The privilege against self-incrimination has fallen on hard times. Miranda rights shrink, as do those more traditional “core” aspects of the privilege. Partly this is due to an implicit skepticism by the courts about the value of the privilege, despite their occasional explicit words of praise for its role in our constitutional scheme. Scholars largely, though not uniformly, agree that the privilege cannot be justified as a philosophical matter, viewing it as an unfortunate burden we are stuck with because of its presence in the Constitution.

This article bucks the dominant trend by articulating a new defense of the privilege against self-incrimination, one rooted in cognitive psychology and linguistic theory. In doing so, the article tries to resurrect in a completely new form the supposedly discredited “mental privacy” justification for the privilege. Specifically, this article maintains that one of the two primary purposes of the privilege is to protect individuals against the compelled expression of their “literal voice,” by which I mean both the content of their words and the paralinguistic cues that accompany them. (The second purpose of the privilege, which is to protect the individual’s “metaphorical voice” – the voice of his counsel – I address in a companion piece). The privilege thus protects not so much the privacy of our thoughts as of our words.

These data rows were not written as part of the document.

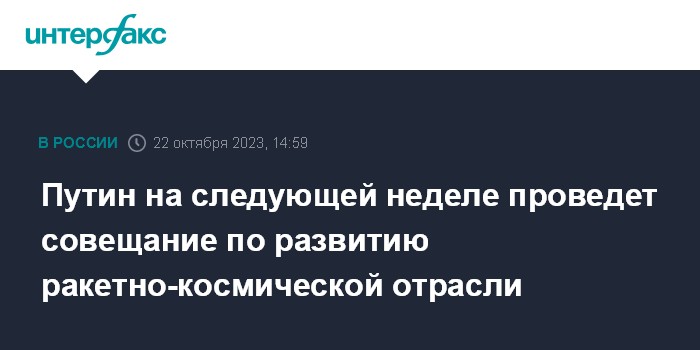 Москва. 22 октября. INTERFAX.RU - Президент РФ Владимир Путин проведет совещание по вопросам развития ракетно-космической отрасли.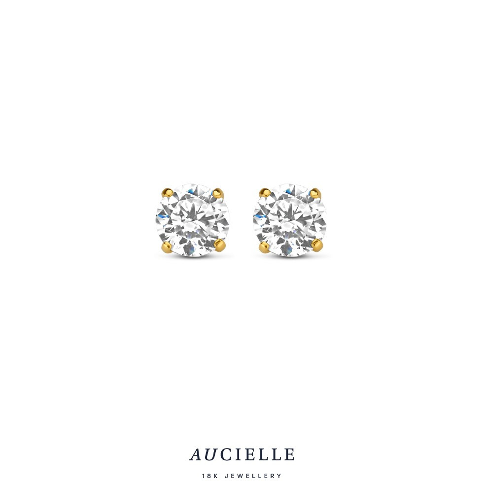 18 karaat geel gouden oorstekers gezet met zirconia.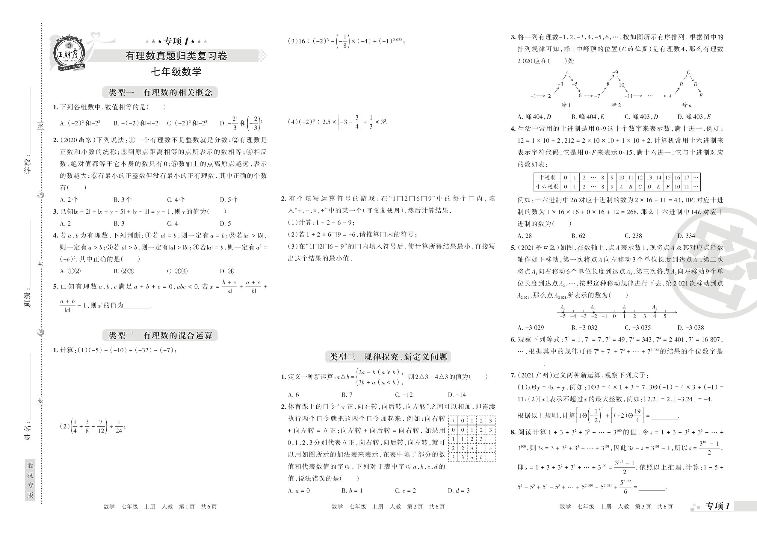 王朝霞期末专项卷——有理数真题归类复习卷七年级上册数学(人教版)【1】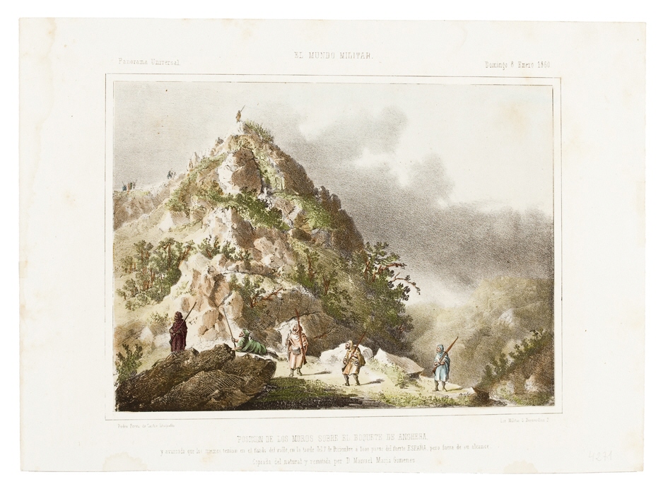 Na cima e ao pé dunha montaña, con escasa vexetación, varias figuras que portan armas vixían e montan garda. Forma parte da serie El Mundo Militar (1859-1863), publicación fundada e dirixida por Mariano Pérez de Castro.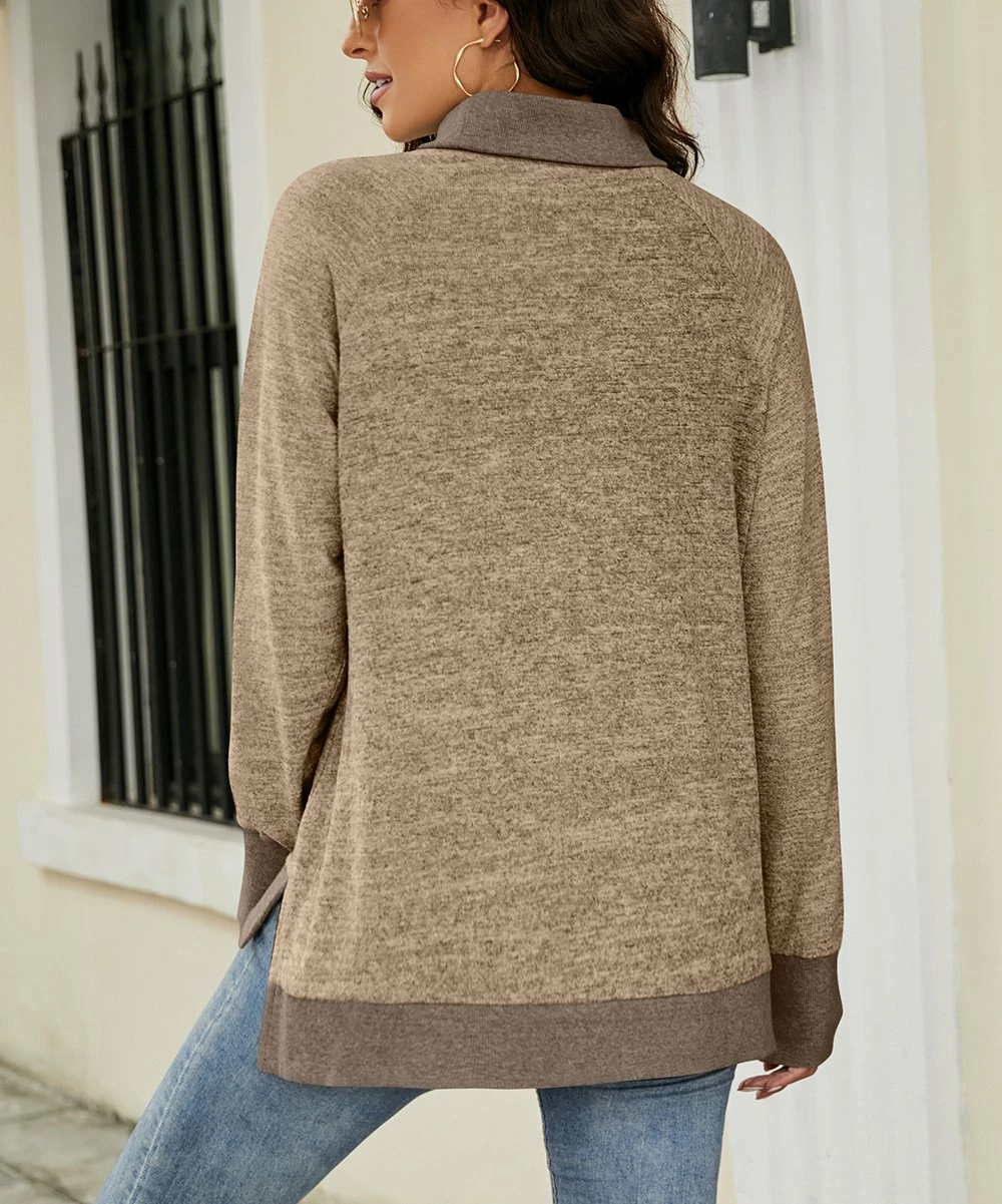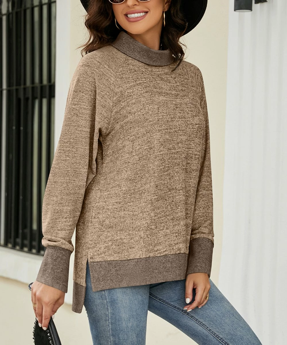 Long-sleeve tunic with a cozy cowl neckline and a versatile solid hue.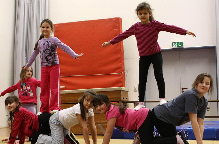 Selbst die Kinder ab drei Jahre sind mit Feuereifer dabei und vergessen fast das Ende ihrer Turnstunde. Denn auch ihre Vorführung soll "sitzen". "Hoffentlich klappt das bis zum Auftritt noch", sagte die etwas skeptische Co-Trainerin Ruth Wildenauer bei einer Probe der Kleinsten des Donnertagsturnens von Elisabeth Rubi.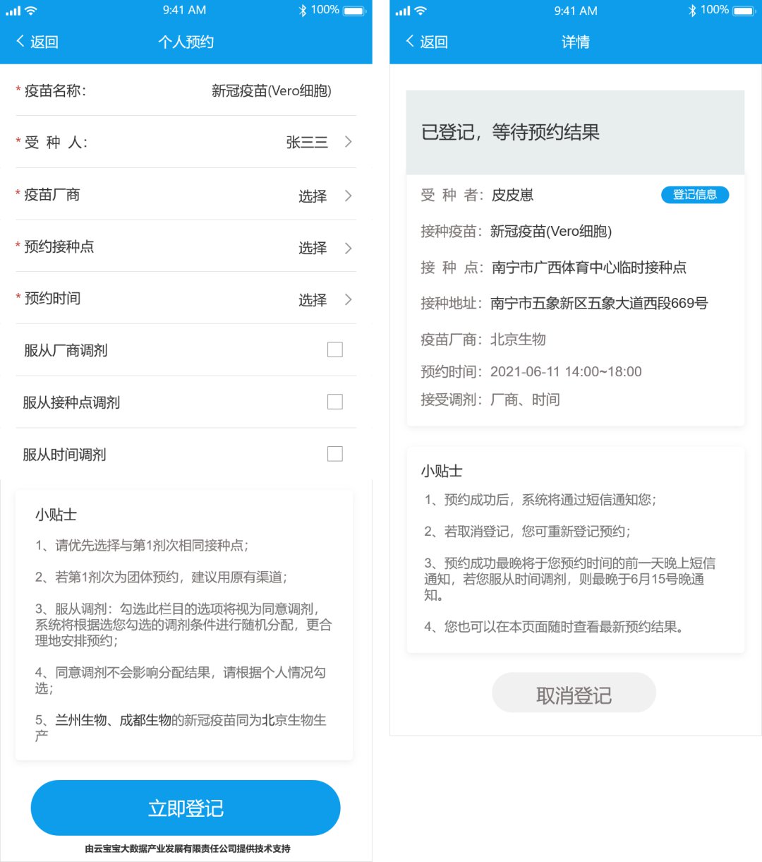 完成个人信息登记,并满足第二剂次疫苗预约条件的群众,可在“个人预约”页面,登记意向接种的接种点、接种时间及疫苗厂商,并可选择是否服从调剂,完成预约接种登记后,等待系统的随机分配结果。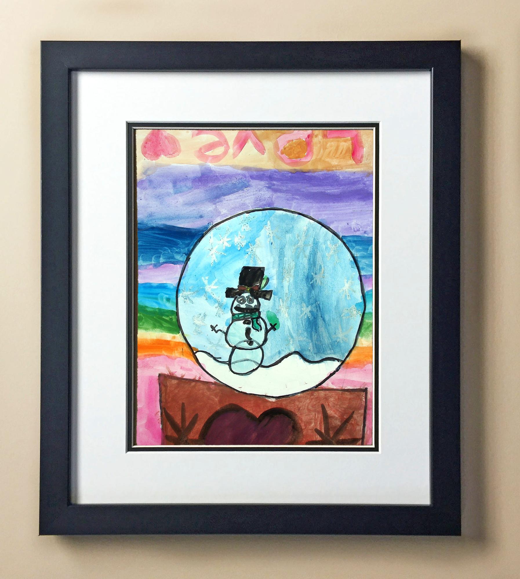 Included with the purchase is the Students Artwork, Frame, double matboard, shatter proof plexiglass, and a ready to hang backerboard with turnbuttons

Control over our words matters for two inter-related reasons: first, compelled speech alters our thoughts, feelings, and character, making us into persons other than what we might choose; second, once those words leave our mouths, they expose us to social mis-definition and mis-judgment in ways that harm our sense of individual uniqueness and violate the boundaries that define us as a person.

Part I summarizes the sorry state of the privilege today. Part II draws on recent work in cognitive psychology to explain why each human becomes unique and deeply wants to be judged as unique by others, to be known for the fullness of who we truly are. Part III first explores psychological and linguistic research on those features of language that lead listeners to make judgments about speakers’ essential character, leading to praise or condemnation, including the reasons for the frequent inaccuracy of those judgments. Next, Part III explains why similar principles hold for written and internet communications, even though they are different in important ways from the paradigm case of spoken speech. Finally, Part III explores the special dangers of mis-judgment by the criminal justice system, society’s ultimate vehicle for expressing condemnation of the person. Part IV explores empirical and philosophical work on how compelled expression actually changes our fundamental nature, while Part V, the conclusion, sums up the preceding argument.

This article does not pretend to resolve all the puzzles created by the current version of the privilege. But it does lay the foundation for doing so by defending a neglected justification for the central importance of the privilege to human flourishing, suggesting that cramped interpretations of the privilege work a grave injustice that calls for correction.